Среди таких молодых счастливчиков оказались Хейлер и Махоун, оба очень честолюбивые и довольно способные (я был с ними знаком, хотя и отдаленно). Они регистрировали максимумы нейтринного излучения в определенных участках неба, пытаясь обнаружить так называемый эффект Штеглица (Штеглиц был немецким астрономом старшего поколения).
Однако этот эффект (нейтринный аналог «красного смещения» фотонов) обнаружить не удавалось. Как выяснилось несколько лет спустя, теория Штеглица была ошибочной. Но молодые люди об этом знать не могли и сражались, как львы, чтобы у них не отняли установку; благодаря своей предприимчивости они держали ее почти два года – так и не получив никаких результатов. Целые километры регистрационных лент пополнили архив обсерватории. Несколько месяцев спустя значительная их часть попала в руки смекалистого, хоть и не очень одаренного физика – собственно говоря, недоучки, изгнанного из какого-то малоизвестного университета на Юге за аморальное поведение; дело не дошло до суда, потому что в нем было замешано несколько важных особ. Этот недоучившийся физик, по фамилии Свенсон, получил ленты при невыясненных обстоятельствах. Позже его даже допрашивали, но ничего не дознались – он непрерывно менял показания.

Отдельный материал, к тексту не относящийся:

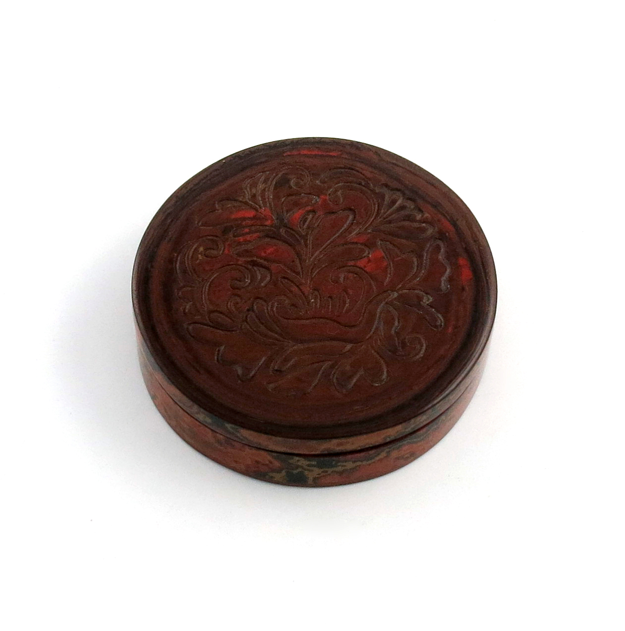 circular form, the body and base simulated to represent stone, the pull-off cover with engraved foliate decoration, (cover loose), diameter 8.3cm.
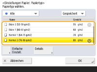 Wenn der eingelegte Papiertyp nicht angezeigt wird, drücken Sie <Detail. Einstell.>, um den Papiertyp aus einer Liste zu wählen.
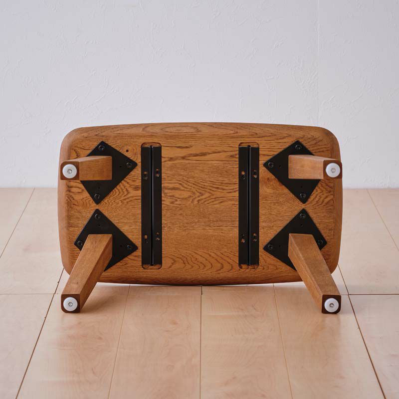 木の質感を楽しめるよう、木表面は塗膜を作らないオイル塗装で仕上げています。経年変化が出やすく、使い込む程に味わい深さが増していく仕上げです。ご自身で簡単にメンテナンスができるので、愛着をもって長くご使用いただけます。
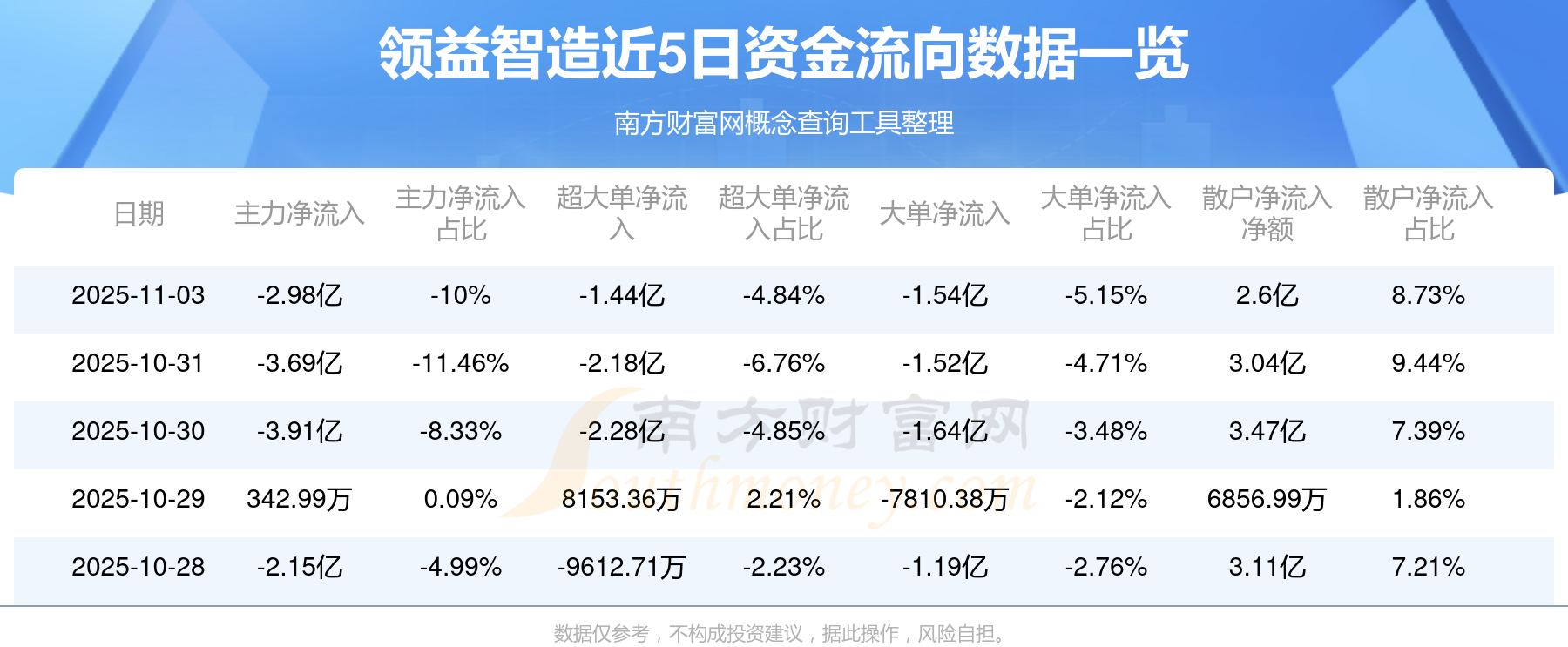 11月3日消息,领益智造资金净流出2.98亿元,超大单资金净流出1.44亿元,换手率2.75%,成交金额29.81亿元。
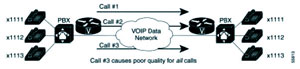 呼叫許可控制(CAC-Call Admission Control)的問題產(chǎn)生于IP網(wǎng)絡(luò)的盡力而為(Best-effort)和面向非連接(Connectionless)的屬性。對于傳統(tǒng)的面向連接的電話網(wǎng)絡(luò),當(dāng)呼叫經(jīng)過每個電話交換機時,交換機如果發(fā)現(xiàn)沒有電路可提供呼叫連接時,會拒絕呼叫,從而不影響已經(jīng)建立的呼叫連接。而在VoIP 網(wǎng)絡(luò)中,話音網(wǎng)關(guān)路由器并不了解網(wǎng)絡(luò)中的狀況,包括:網(wǎng)絡(luò)的鏈路資源是否已經(jīng)飽和及網(wǎng)絡(luò)延遲,丟包率和網(wǎng)絡(luò)抖動等參數(shù)是否可以滿足話音應(yīng)用的需求。如果在不能夠保證網(wǎng)絡(luò)可以提供足夠的資源保證話音質(zhì)量的情況下,建立新的通話鏈路可能影響已經(jīng)建立的鏈路,或者是降低所有的通話話音質(zhì)量。如圖三,如果廣域網(wǎng)的帶寬只能容納兩個語音的呼叫,第三個呼叫的建立會導(dǎo)致所有的呼叫質(zhì)量下降。在這種情況下,拒絕呼叫的建立好過建立一條沒有質(zhì)量保證的鏈路。
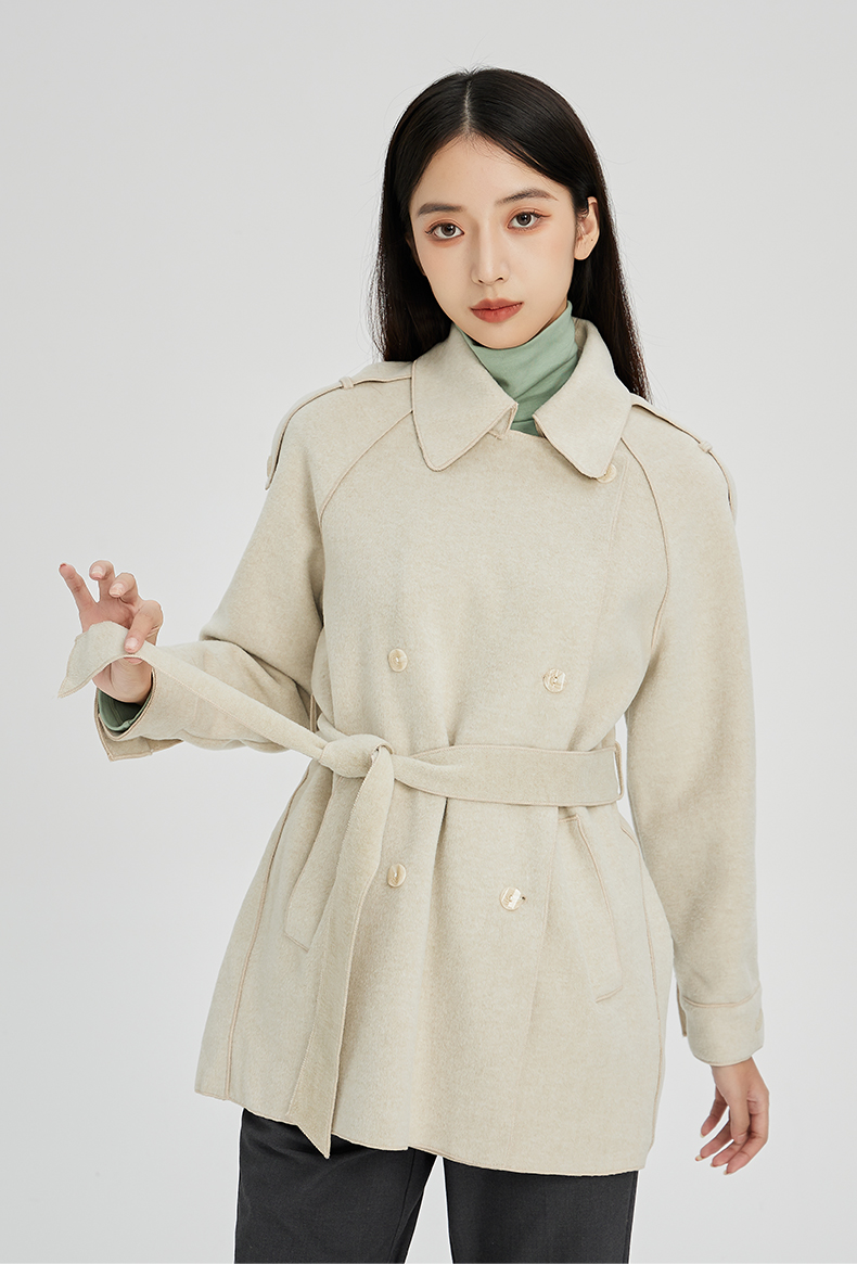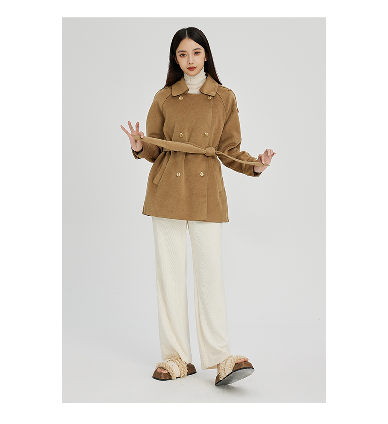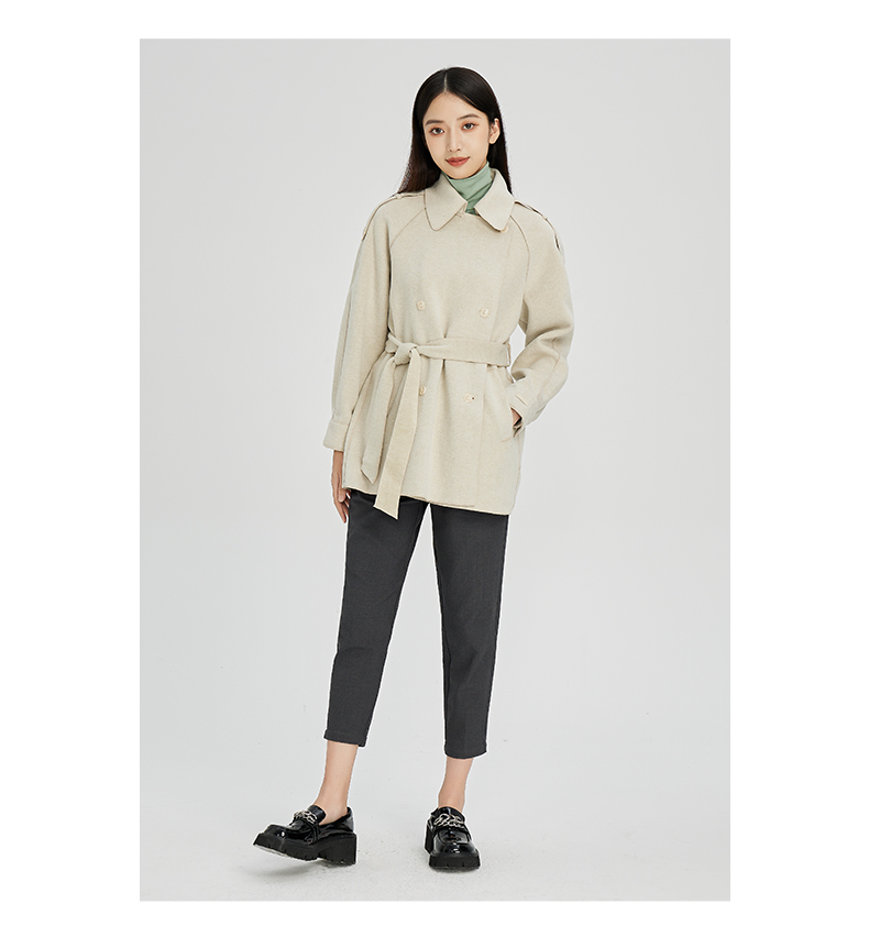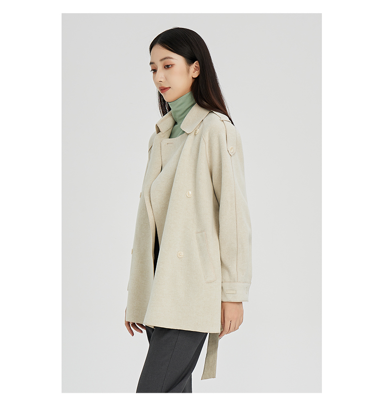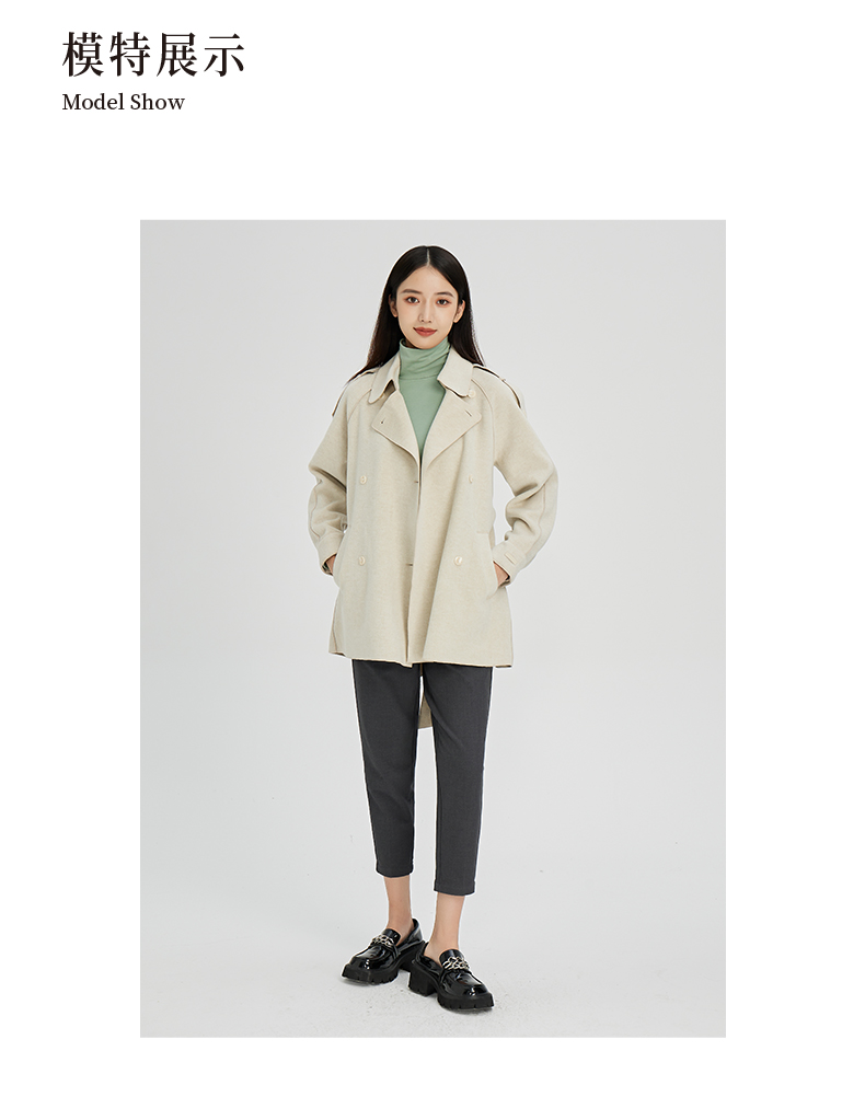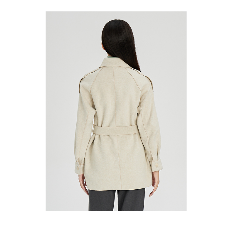 NUTS纯色翻领气质百搭收腰显瘦双排扣中款外套女241042401

Это был любопытный субъект. Он подвизался в качестве поставщика материалов, а заодно – банкира и духовного утешителя бесчисленных маньяков, которые прежде мучились разве что над перпетуум-мобиле и квадратурой круга, а ныне бредят «целительными энергиями», теориями космогенеза и промышленным применением телепатии. Такому народу недостаточно карандаша и бумаги; для конструирования «орготронов», обнаружителей «сверхчувственных флюидов», электрических магических прутьев, что сами находят воду, нефть и сокровища (обычные ивовые водоискатели давно уже стали анахронизмом), – для всего этого необходимы самые разные, нередко труднодоступные и дорогие материалы. Свенсон – за соответствующую сумму – умел раздобыть их даже из-под земли. Поэтому его посещали парафизики и оргонисты, конструкторы телепаторов и духотронов (для устойчивой связи с духами). Вращаясь в этих нижних провинциях царства науки – там, где оно смыкается с царством психиатрии, – он, как бы то ни было, поднабрался весьма полезных для него сведений; у него был изумительный нюх на то, что в данный момент пользуется наибольшим спросом у слегка свихнувшихся титанов духа.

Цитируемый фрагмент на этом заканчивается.